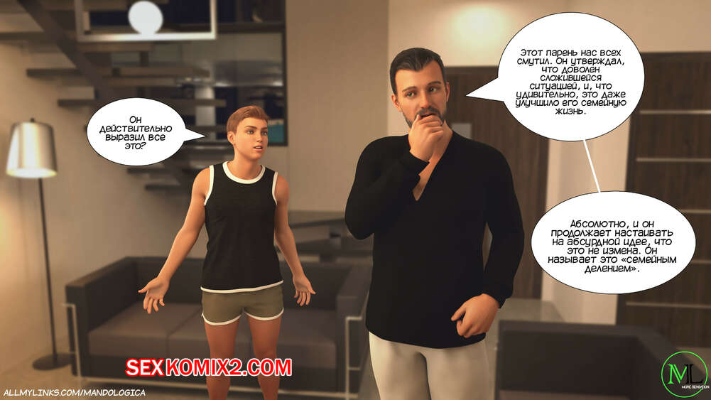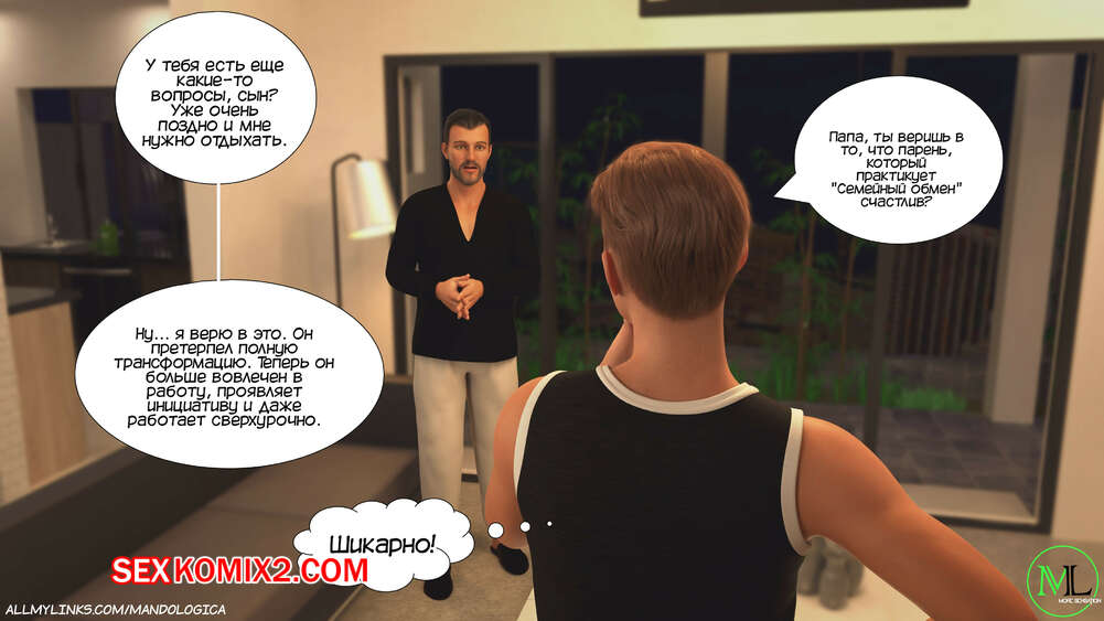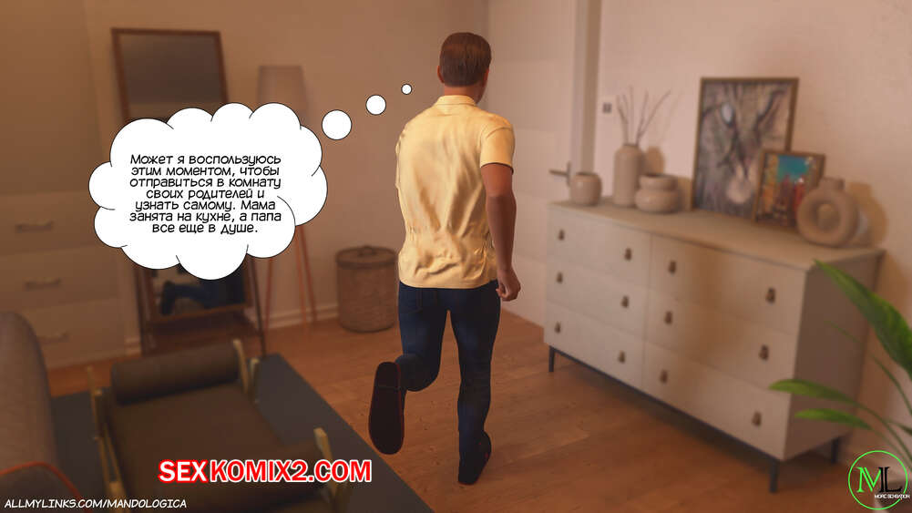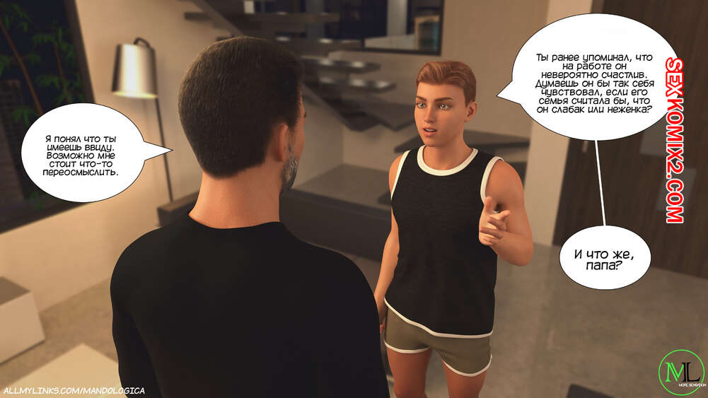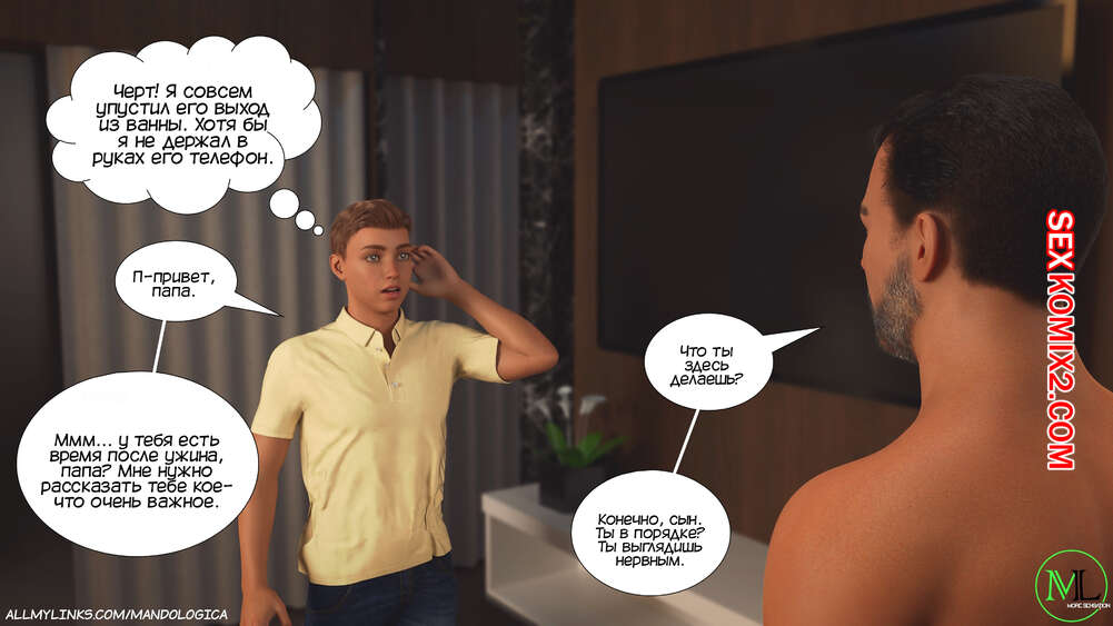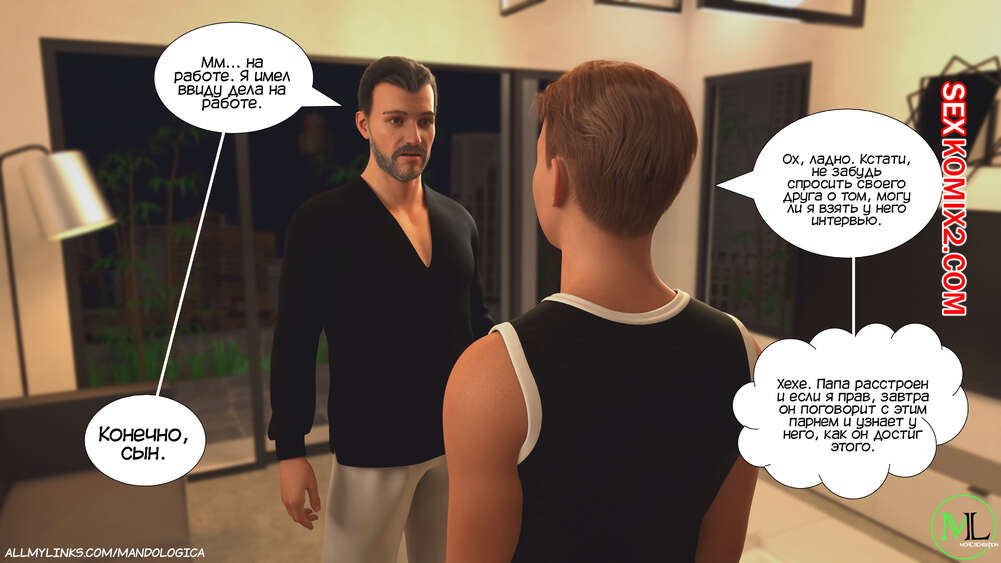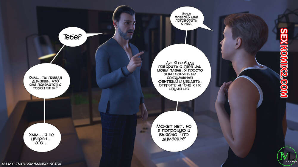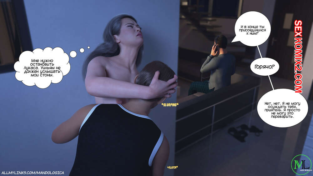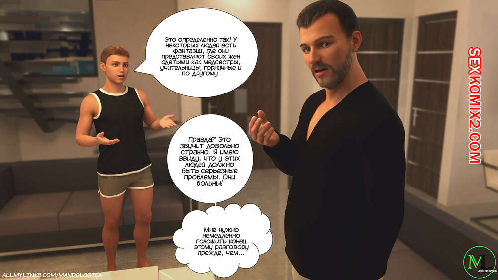 Порно комикс Разрушение границ. Часть 7. Breaking Boundaries. MandoLogica Адрианна купила сексуальный наряд, чтобы воплотить сексуальную фантазию Лукаса. Красотка дала ему почитать комикс, а сама стала вертеть перед ним своей задницей, соблазняя сына.
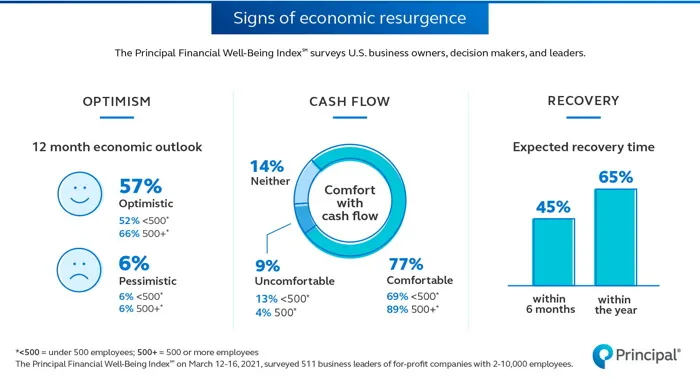 Whereas many small and medium-sized companies reported critical considerations over their long-term well being in 2020, optimism is on the rise in line with the latest pulse of the Principal Monetary Nicely-Being IndexSM, which surveyed greater than U.S. 500 employers2. Solely 39% of employers stated they had been optimistic about their enterprise prospects in November of 2020. Nonetheless, widespread vaccine distribution within the U.S. and indicators of financial resurgence is altering sentiments. In line with the survey, 45% of respondents count on to completely recuperate from the impacts of COVID-19 over the following six months and 65%3 estimate inside a yr.
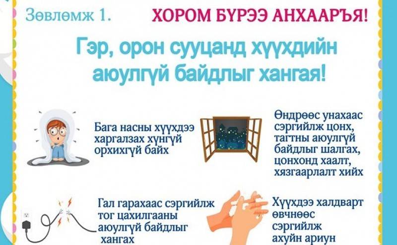 Засгийн газрын шийдвэрээр коронавирусээс урьдчилан сэргийлэх зорилгоор сургууль, цэцэрлэгийн үйл ажиллагааг 03 дугаар сарын 02-ныг хүртэл улс орон даяар зогсоосон. Энэхүү хорио цээрийн дэглэмтэй холбогдуулан хүүхдээ болзошгүй эрсдэлээс урьдчилан сэргийлэх зөвлөмжийг хүргэж байна.
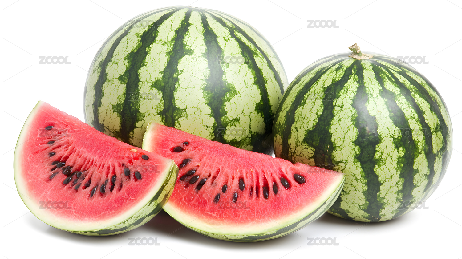 白底上放着一个大西瓜和两块西瓜
________
**Your goal:**
Leave out the images and copy all remaining data word for word.

**Output for this task:**
 Порно комикс Разрушение границ. Часть 7. Breaking Boundaries. MandoLogica Адрианна купила сексуальный наряд, чтобы воплотить сексуальную фантазию Лукаса. Красотка дала ему почитать комикс, а сама стала вертеть перед ним своей задницей, соблазняя сына.
 Whereas many small and medium-sized companies reported critical considerations over their long-term well being in 2020, optimism is on the rise in line with the latest pulse of the Principal Monetary Nicely-Being IndexSM, which surveyed greater than U.S. 500 employers2. Solely 39% of employers stated they had been optimistic about their enterprise prospects in November of 2020. Nonetheless, widespread vaccine distribution within the U.S. and indicators of financial resurgence is altering sentiments. In line with the survey, 45% of respondents count on to completely recuperate from the impacts of COVID-19 over the following six months and 65%3 estimate inside a yr.
 Засгийн газрын шийдвэрээр коронавирусээс урьдчилан сэргийлэх зорилгоор сургууль, цэцэрлэгийн үйл ажиллагааг 03 дугаар сарын 02-ныг хүртэл улс орон даяар зогсоосон. Энэхүү хорио цээрийн дэглэмтэй холбогдуулан хүүхдээ болзошгүй эрсдэлээс урьдчилан сэргийлэх зөвлөмжийг хүргэж байна.
 白底上放着一个大西瓜和两块西瓜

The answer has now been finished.